Dr. Stewart came in this morning and told me that we are going to discontinue the continuous nebulizer treatments and move down to doing them every two hours. This is great news! First, it means that he doesn’t have to wear that alien hood that he has had on for several days. And, more importantly, it means that he is showing improvement!!
And, it means that when I want to hold him (all the time), I won’t have to fight with the nebulizer tube. I am very encouraged by this news. His lungs are sounding a lot more clear and he isn’t wheezing quite as much. If he does well with the nebulizer treatments every two hours, they will try reducing the flow on the vapotherm (humidified, heated, pressurized oxygen).
They are also increasing his tube feedings to give him some more calories and nutrients to see how he handles it. He had been doing fine, so they just want to see him continue that way with a little bit of a faster rate of feeding.
More good news…the doctor has discontinued his antibiotics. Logan completed a full treatment of two different antibiotics to treat a strep infection.

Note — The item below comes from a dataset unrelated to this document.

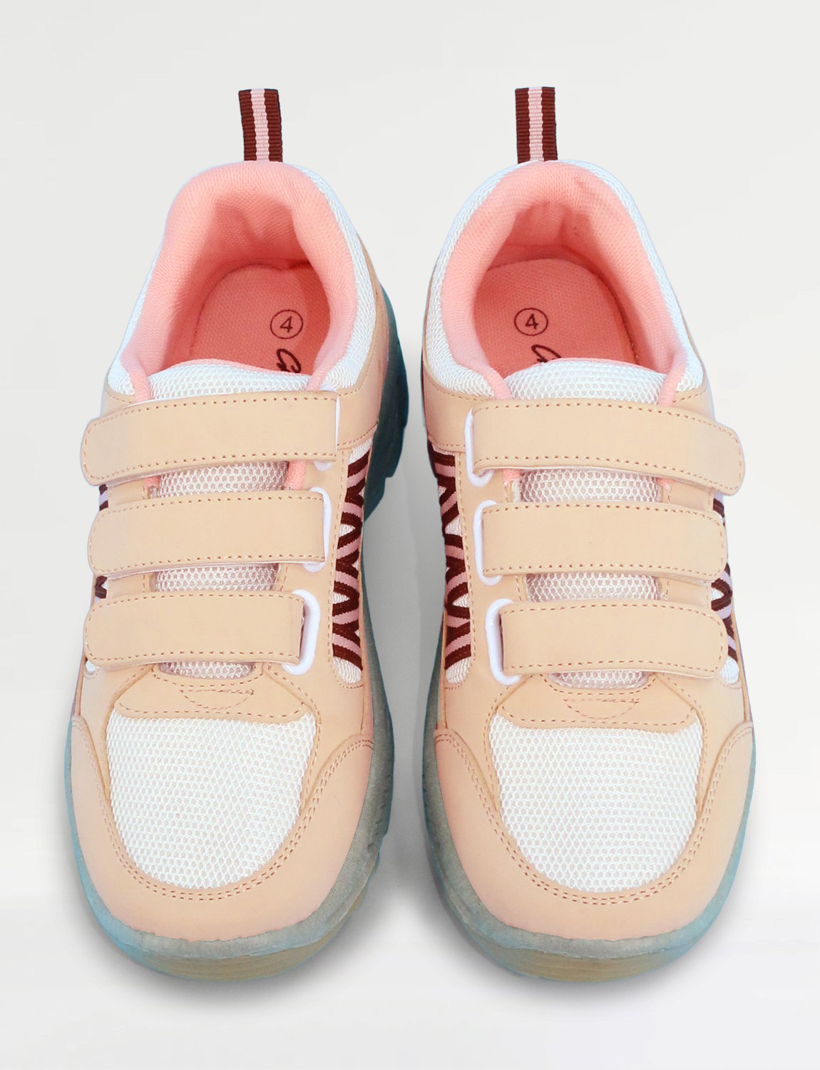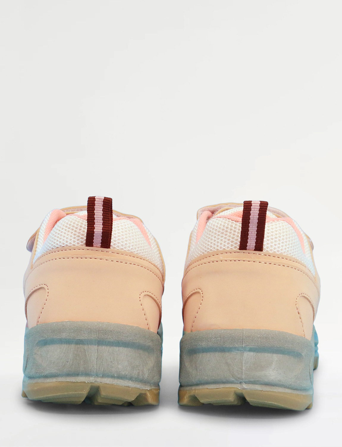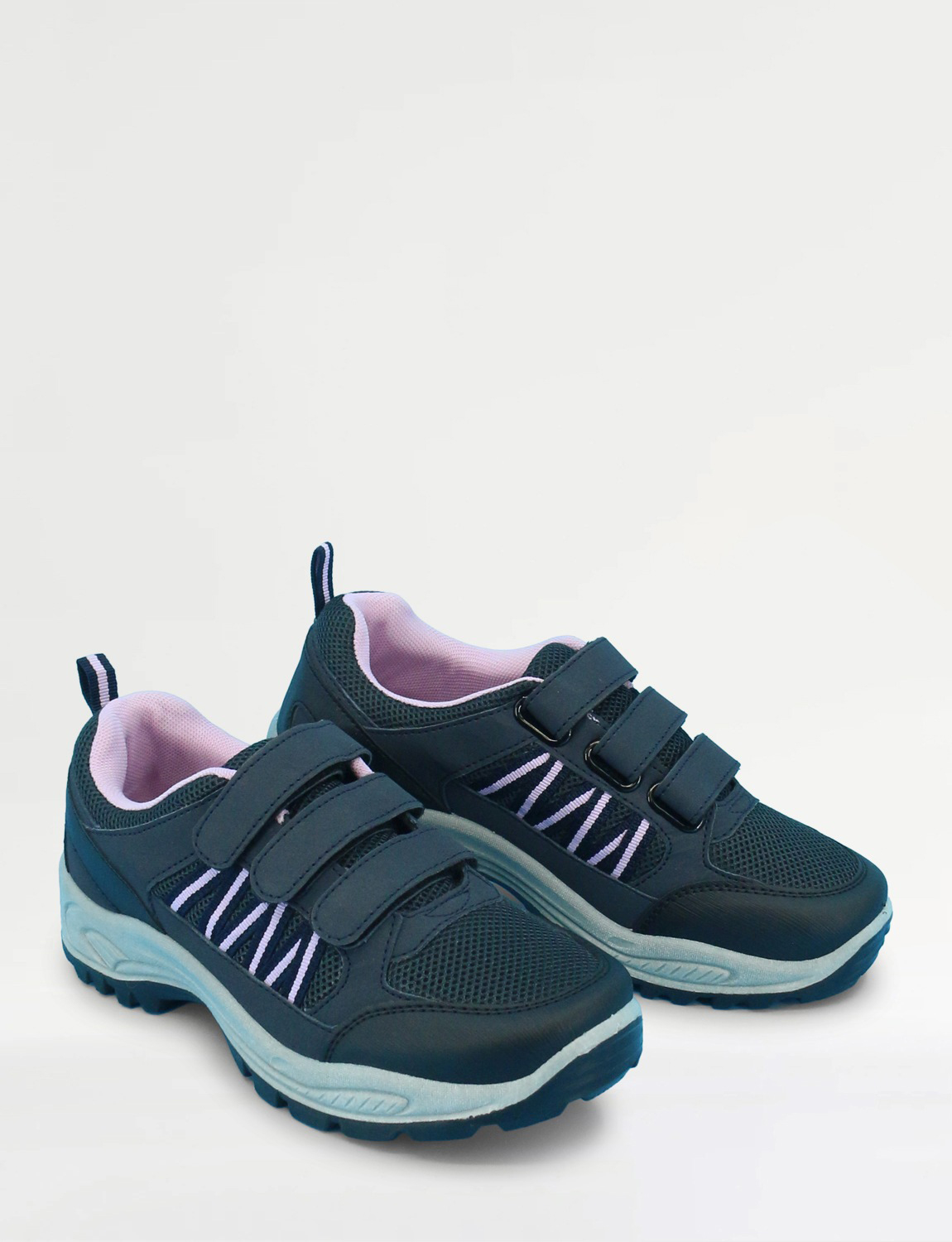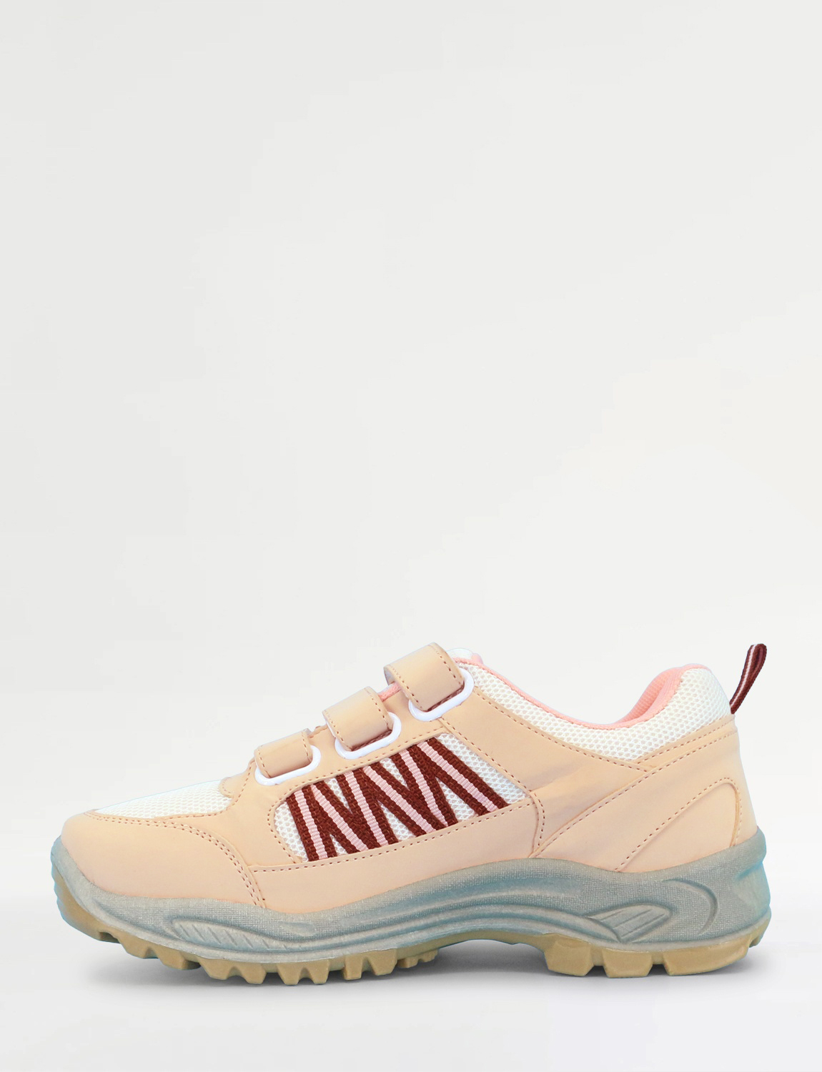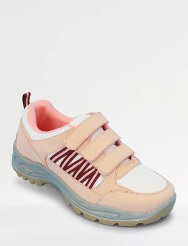 Touch fastening for an adjustable fit. Cushioned ankle collar and a sturdy outdoor sole unit.
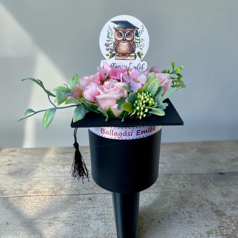 Ballagási rózsabox csokor, ballagási kalapban, szárral, rózsaszín virágokkal, baglyos ballagási táblával

And with the end of the antibiotics comes the end of the central line!!! The nurse took it out this morning. I am so glad that is out. It means that he doesn’t have any access to his circulatory system. No way to give him intravenous fluids. He is going to have to take all his nutrients by mouth!!
Right now, the only treatment keeping us in the PICU is the vapotherm treatments. It is a treatment that needs to be more closely monitored than what is possible outside of the PICU. Hopefully they will be able to wean him off that machine today and maybe we can be back in Peds tonight or tomorrow!
Wanna know how to tell when you’ve been in the hospital too long?
We have had such a great support system through this ordeal. People have been praying and bringing me food and snacks so that I don’t have to eat hospital food. It has been great to have some visitors to break up the monotony of spending all my time in this small hospital room.
Today, pray that Logan does well with the less frequent nebulizer treatments and that we will be able to successfully wean off the vapotherm. I want to go home this weekend!!